Seorang Wanita di Sergai Laporkan Pelaku Pencabulan ke Polisi

SEDANG BEDAGAI, KabarMedan.com | Wanita diduga korban pencabulan warga Pantai Cermin, Kabupaten Serdang Bedagai (Sergai) Sumatera Utara, mendatangi Polres Sergai.

Kedatangan korban berinisial R (19) didampingi keluarganya melaporkan dugaan pencabulan yang dilakukan oleh S (30), yang tak lain tetangga korban.

“Kedatangan kami ke Polres Sergai untuk melaporkan kasus pencabulan terhadap adik saya. Pelaku mencabuli adik saya sejak tahun 2017, dan baru kami ketahui dua minggu yang lalu,” ujar abang korban bernama Ian, Minggu (6/2/2022).

Ian mengatakan, dugaan pencabulan terhadap adik kandungnya sudah terjadi cukup lama, namun adiknya tidak berani memberitahukan kepada keluarga dan orangtua karena diancam pelaku.

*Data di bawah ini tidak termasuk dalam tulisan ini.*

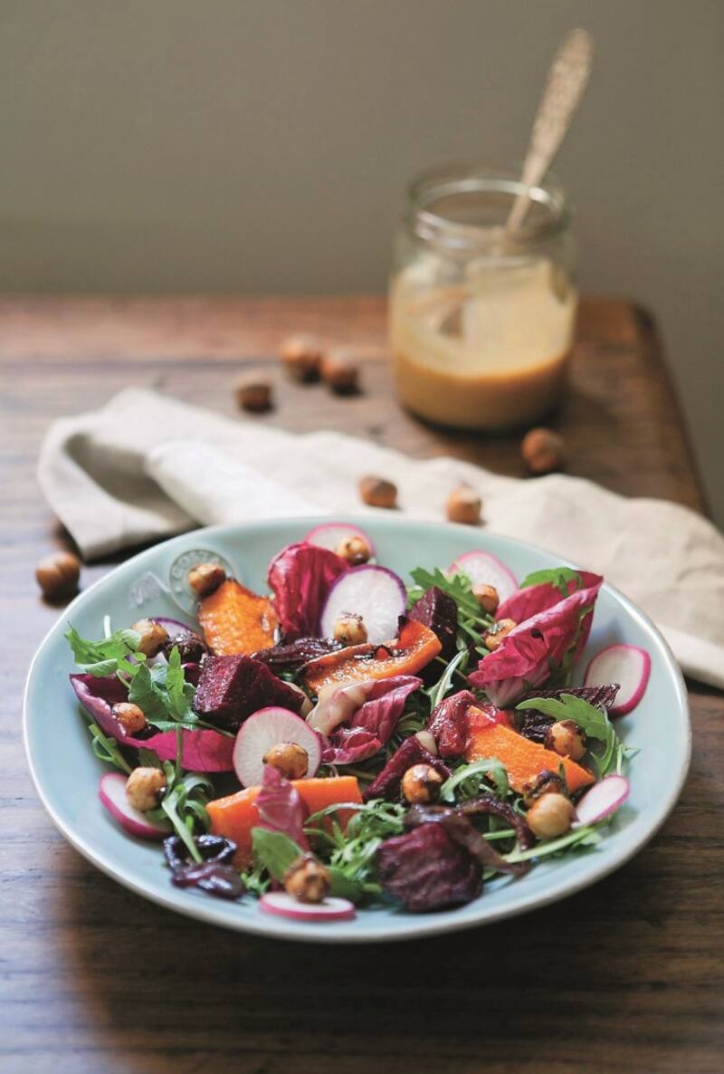 4. En una fuente de servir o en platos individuales distribuir las hojas verdes encima de las verduras asadas y rabanitos. Rociar con la vinagreta y decorar con las avellanas crocantes reservadas. Servir de inmediato.
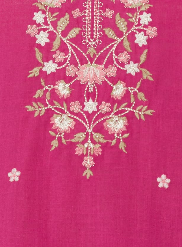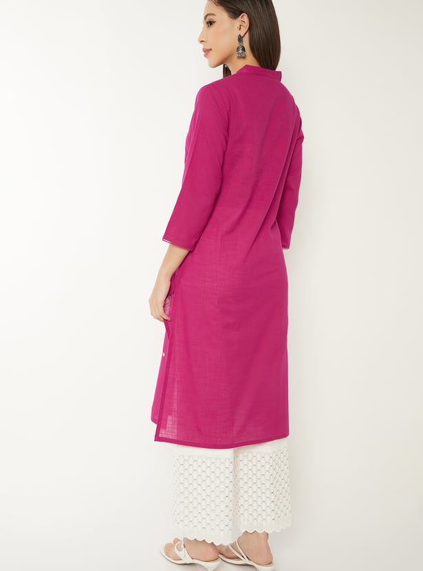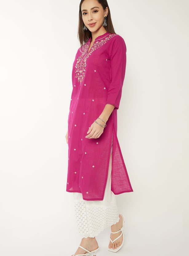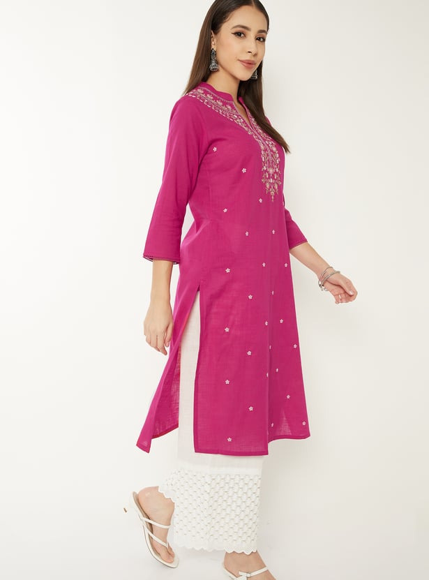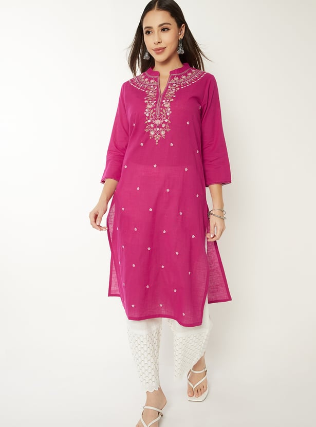 Add graceful charm to your ethnic wardrobe with this embroidered kurta. Featuring yoke embroidery with all-over buti, 3/4th sleeves, band collar, a straight silhouette, and a side pocket.

“Pengakuan yang seperti disampaikan adik saya, pelaku mengancam akan membunuhnya jika memberitahukan kepada siapa pun, termasuk orangtua dan keluarga,” ujar Ian.

Lebihlanjut ungkap Ian, terbongkarnya aksi bejat yang dilakukan pelaku, dikarenakan pelaku sudah bercerai dengan istrinya dan menceritakan hal itu kepada masyarakat.

Baca Juga:  Listrik Padam, Cafe di Kota Medan Padat

“Semuanya terbongkar karena pelaku bercerita dengan masyarakat sekitar, itupun setelah pelaku bercerai dengan istrinya,” ujar Ian.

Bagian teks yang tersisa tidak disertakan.